In the hot glare of the explosion the Ford T reared up on its front wheels and spectacularly deconstructed. Window panes in nearby shops and offices shattered in the force of the blast. Headlamps and pedals, shards of hot metal and glass, were flung into the air like shrapnel. The crank handle embedded itself in the brickwork above the entrance to James How & Co. Chemist and the front grill sailed high into the sky, never recovered. A blazing Catherine wheel of a tyre landed on the awning of M. J. Curtis Butcher’s, which caught fire with alacrity.
The twisted and blackened chassis crashed back onto the road and the engine block followed. A short distance away, the curved leather driving seat lay on its side, burning brightly.
Pollard regarded the conflagration with satisfaction. He felt something of its heat on his forehead, even though he was a good two hundred yards away. He smiled thinly. His work was done.
Some three seconds after Pollard’s first bullet had sunk into the seat beside him, Stone yanked open his driver’s door and leapt from the car, curling himself into a tight ball. He rolled across the pavement and then hugged the ground, as if he was back in the trenches. His car drove on and then the night turned orange and there was a sound like an enormous thunderclap followed by the scream of torn metal. He pressed his face into the ground and squeezed his eyes shut as sharp metallic debris flew overhead.
As the sounds of destruction slowly subsided, he pushed himself upright and surveyed the damage. Belching black smoke and gusts of hot air rolled across from the mangled, metallic, burnt-out mess that had been his most prized possession. Now it was sprawled on its side, a skeletal carcass.
He limped to the mouth of one of the side alleys that criss-crossed behind the publishing houses in Fleet Street and looked back up at the distant Farringdon Hotel. He could just make out the tiny figure of Pollard at the fourth floor window. A bullet smacked into a wall close by, confirming that Pollard was aware he had survived. He could imagine Pollard’s anger and his impotence, but resisted the temptation to provoke him further by giving him a one-finger victory salute.

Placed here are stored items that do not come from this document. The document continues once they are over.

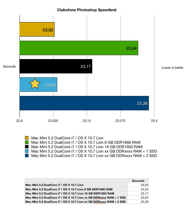 Their Medium test shows that it's faster than a MacBook Pro Quad Core 2011 2.3GHz using 80% of it's memory (mine was set to use 100% wich apparently was a bad idea, can according to digilloyd get better results with only 70-80% RAM usage?!).
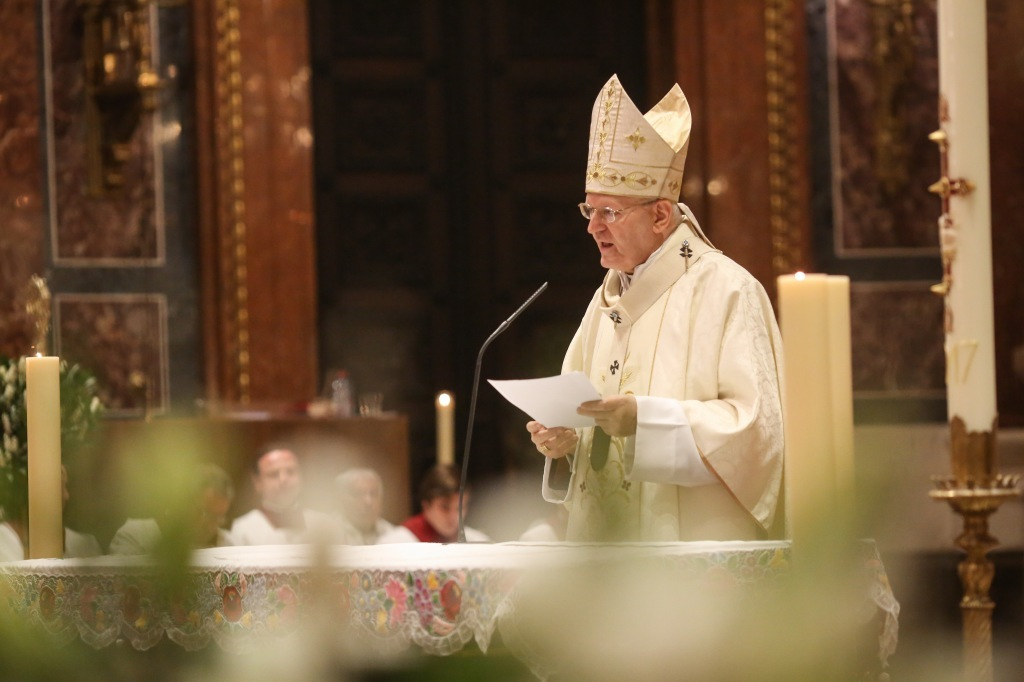 A szentmisén először a húsvét utáni szentföldi zarándoklatról beszélt a főpásztor, melyen ő is részt vett. Közel kétszáz püspök kapott meghívást Jézus földi életének színhelyére húsvét után, amikor azt az üzenetet ünnepelték, amellyel feltámadása után Jézus elküldte apostolait: „Adjátok hírül testvéreimnek, hogy menjenek Galileába, és ott meglátnak engem” (Mt 28, 10).
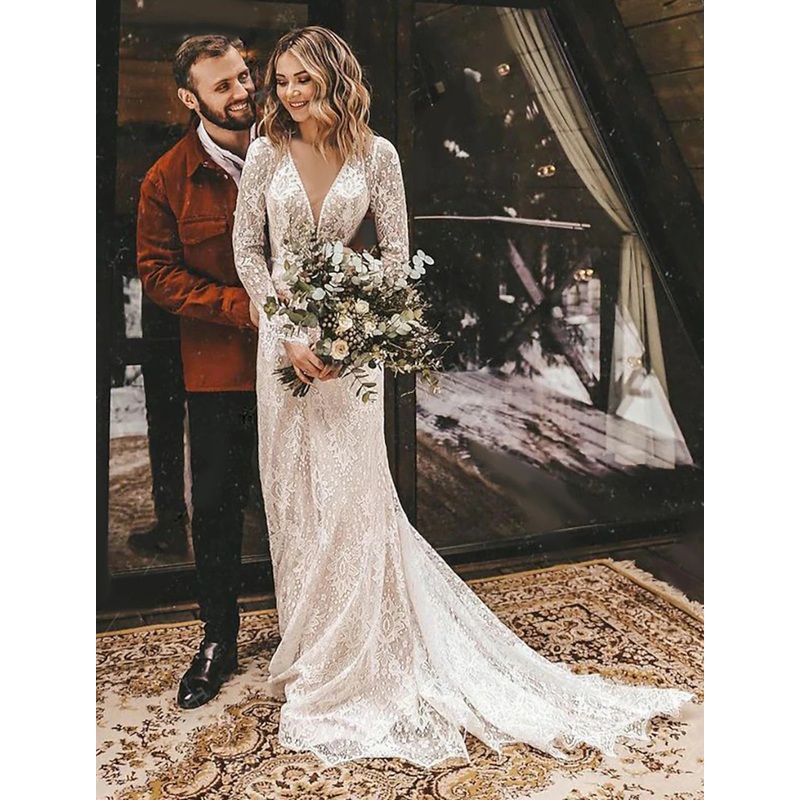 Beach Open Back Boho Wedding Dresses A-Line V Neck Long Sleeve Court Train Lace Bridal Gowns With Solid Color

In the distance was the sound of a police bell, drawing nearer. He turned into the darkness of the warren of back alleys and was lost to sight.
Tossing the balaclava into a bin behind a restaurant, Stone set off for home. It took him two hours because he kept to the back streets and out of sight of patrolling policemen. It would be easy enough to explain his utilitarian boiler suit, but not so easy to explain the knife wound to his right arm or what he was doing out at two o’clock in the morning. If the police made a note of whatever explanation he gave them, it might then be later cross-referenced with the events in and outside the Farringdon Hotel.
Safely back in the gravedigger’s cottage, he cleaned the wound on his arm, which thankfully was not deep, but still needed stitches. After a few slugs of brandy, he sewed up the wound in the way he had learnt in the trenches. He considered the possibility of infection from the Ripper’s dagger, although he decided that Pollard would have lovingly cleaned and polished it before taking it on its little adventure.
He also thought about his bloodstained boiler suit. It was potentially incriminating. He really should burn it that night. But once he’d finished stitching up the wound he fell onto his bed, so exhausted he fell into a dreamless sleep before he could worry about anything else.